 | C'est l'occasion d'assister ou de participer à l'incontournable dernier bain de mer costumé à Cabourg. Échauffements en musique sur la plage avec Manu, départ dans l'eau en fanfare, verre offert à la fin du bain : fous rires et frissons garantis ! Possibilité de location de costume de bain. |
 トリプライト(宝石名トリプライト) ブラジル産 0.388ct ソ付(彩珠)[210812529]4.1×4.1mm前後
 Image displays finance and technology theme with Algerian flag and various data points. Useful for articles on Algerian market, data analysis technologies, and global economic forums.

────────────────────────────────────────

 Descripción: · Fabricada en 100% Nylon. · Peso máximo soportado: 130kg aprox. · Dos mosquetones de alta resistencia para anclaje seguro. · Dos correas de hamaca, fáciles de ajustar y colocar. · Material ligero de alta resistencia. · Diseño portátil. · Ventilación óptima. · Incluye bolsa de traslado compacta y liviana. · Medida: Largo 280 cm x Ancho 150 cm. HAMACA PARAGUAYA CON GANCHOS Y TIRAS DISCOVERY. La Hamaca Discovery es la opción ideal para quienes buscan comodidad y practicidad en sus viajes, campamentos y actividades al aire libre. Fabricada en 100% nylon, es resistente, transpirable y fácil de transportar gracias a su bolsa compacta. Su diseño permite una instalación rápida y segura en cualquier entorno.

────────────────────────────────────────

ACTION ITEM:
Among the lines above, find the one with "costume de bain. |" and the one with "Image displays finance". Quote both and everything between them, exactly.

EXERCISE OUTPUT:
 | C'est l'occasion d'assister ou de participer à l'incontournable dernier bain de mer costumé à Cabourg. Échauffements en musique sur la plage avec Manu, départ dans l'eau en fanfare, verre offert à la fin du bain : fous rires et frissons garantis ! Possibilité de location de costume de bain. |
 トリプライト(宝石名トリプライト) ブラジル産 0.388ct ソ付(彩珠)[210812529]4.1×4.1mm前後
 Image displays finance and technology theme with Algerian flag and various data points. Useful for articles on Algerian market, data analysis technologies, and global economic forums.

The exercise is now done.